##### Supplied information #####
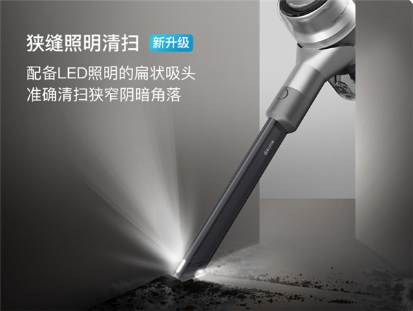 此外V12还附带了两个较小的软毛刷头,可以应对狭小缝隙的清洁工作,平时不使用时也可以通过充电底座实现收纳。追觅V12标配的窄缝吸头自带照明功能,在吸头的前部设计了LED灯管,当吸尘器处于工作状态时灯管就会亮起,原本比较昏暗的犄角旮旯瞬间就被照的清清楚楚,让灰尘无处躲藏。
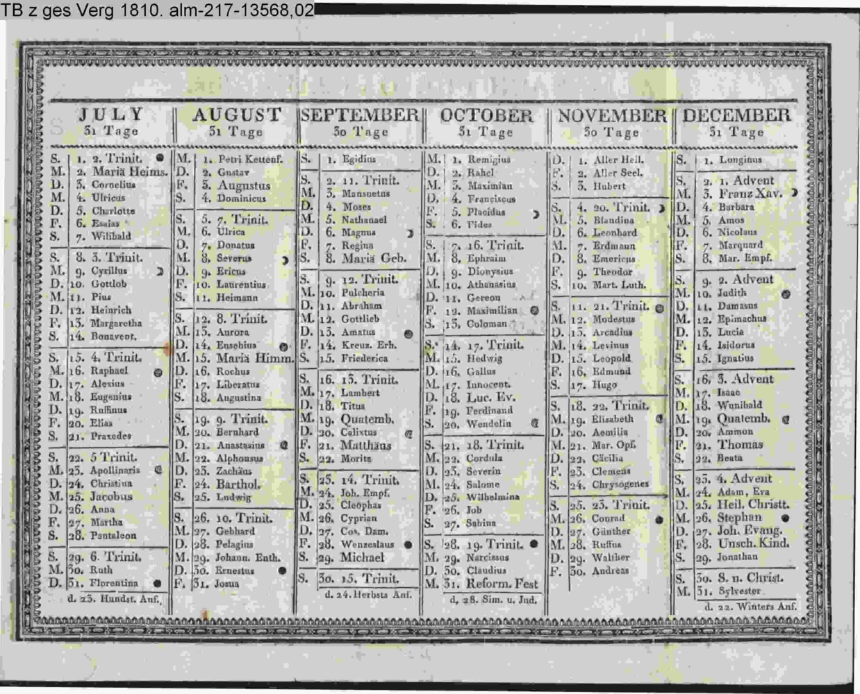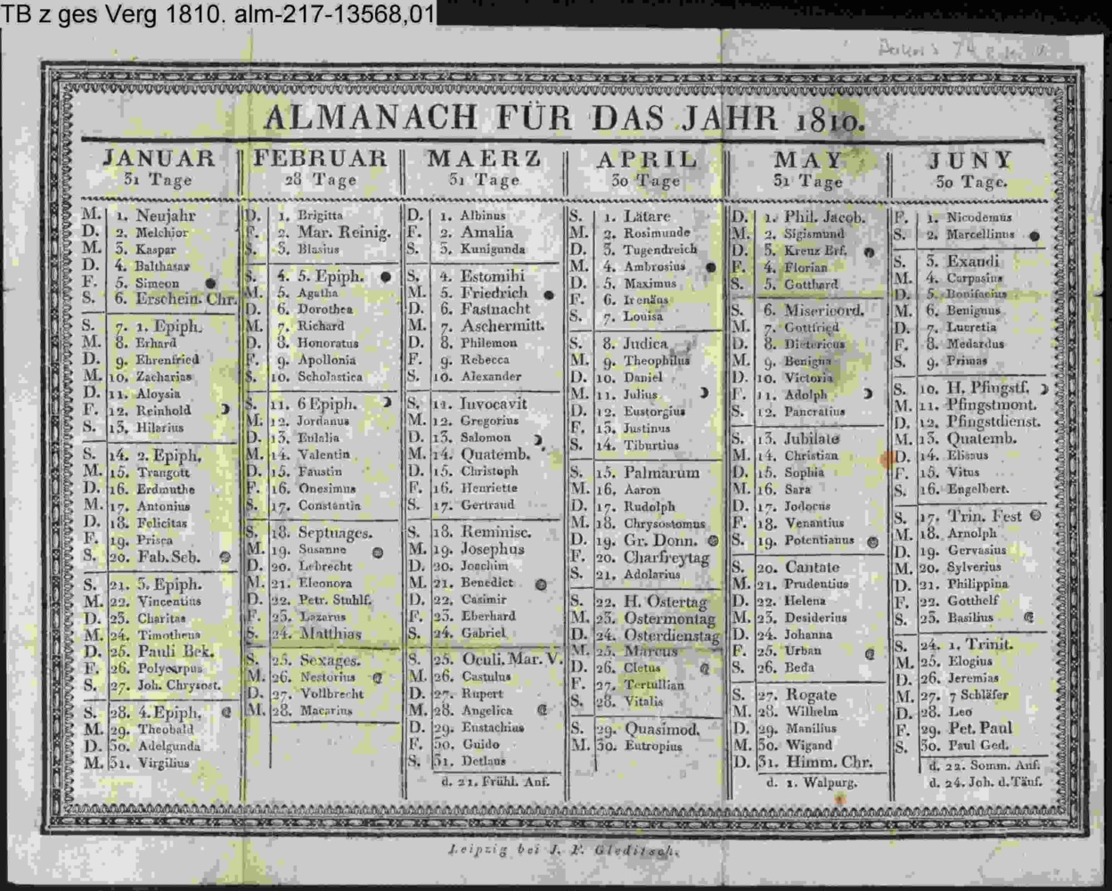 ALMANACH FÜR DAS JAHR 1810
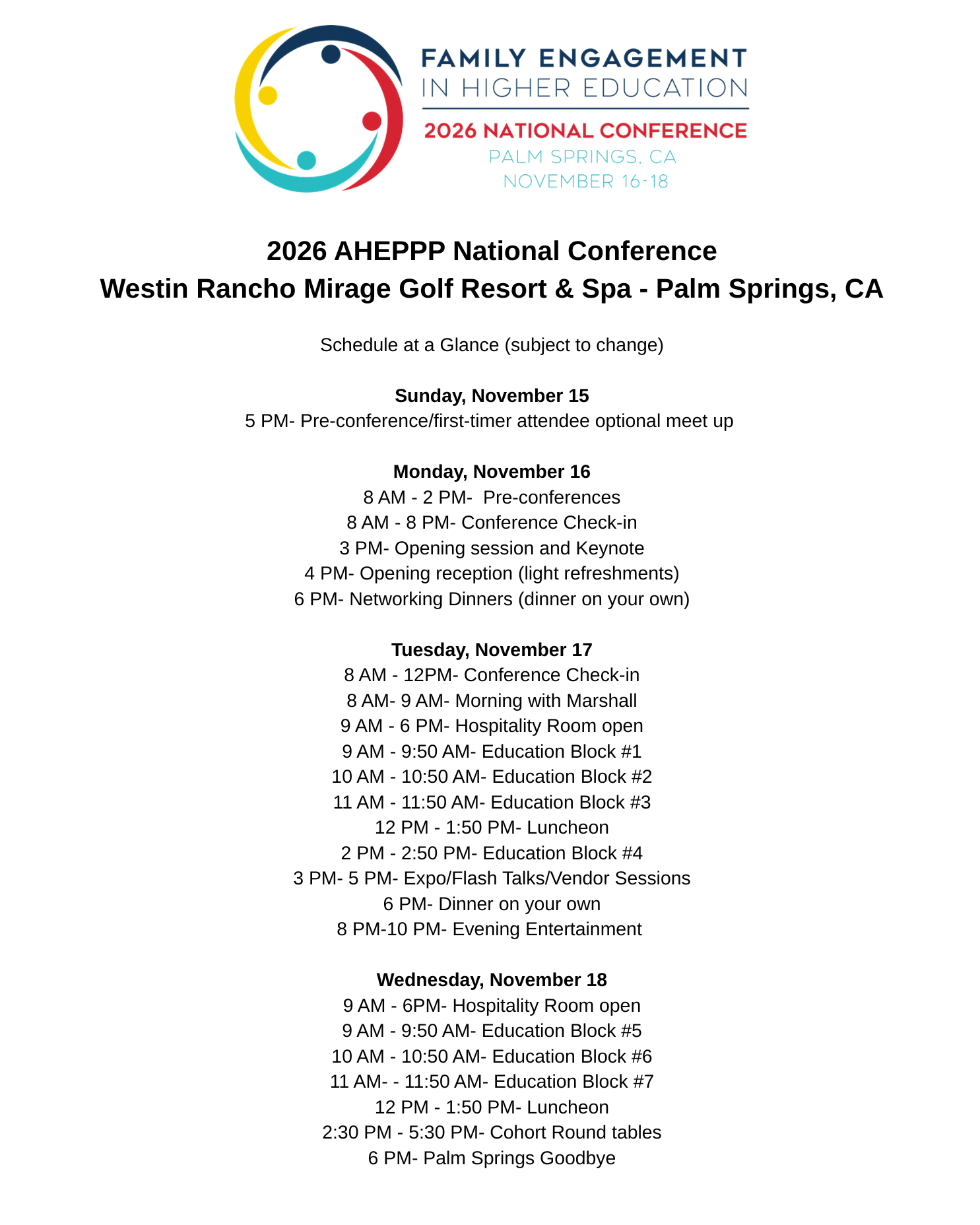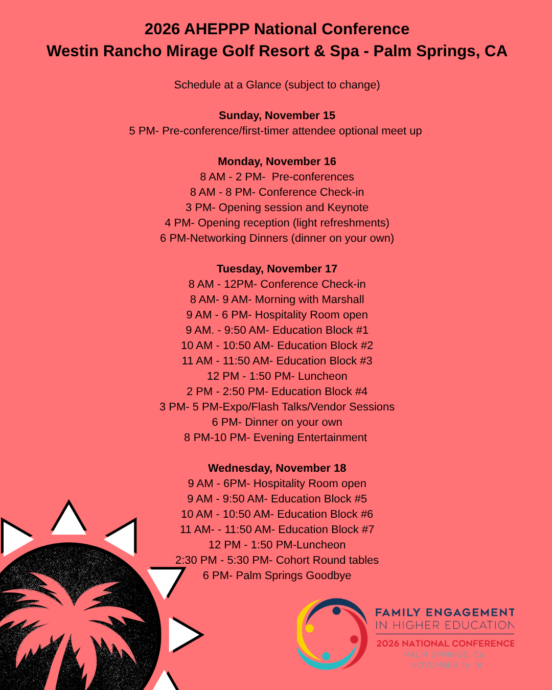 For any questions or concerns, please contact: AHEPPP Conference Team at [email protected].
#####
Work to complete ->
Restate all of the material above word for word. Pictures do not belong in it.

Reply ->
 此外V12还附带了两个较小的软毛刷头,可以应对狭小缝隙的清洁工作,平时不使用时也可以通过充电底座实现收纳。追觅V12标配的窄缝吸头自带照明功能,在吸头的前部设计了LED灯管,当吸尘器处于工作状态时灯管就会亮起,原本比较昏暗的犄角旮旯瞬间就被照的清清楚楚,让灰尘无处躲藏。
 ALMANACH FÜR DAS JAHR 1810
 For any questions or concerns, please contact: AHEPPP Conference Team at [email protected].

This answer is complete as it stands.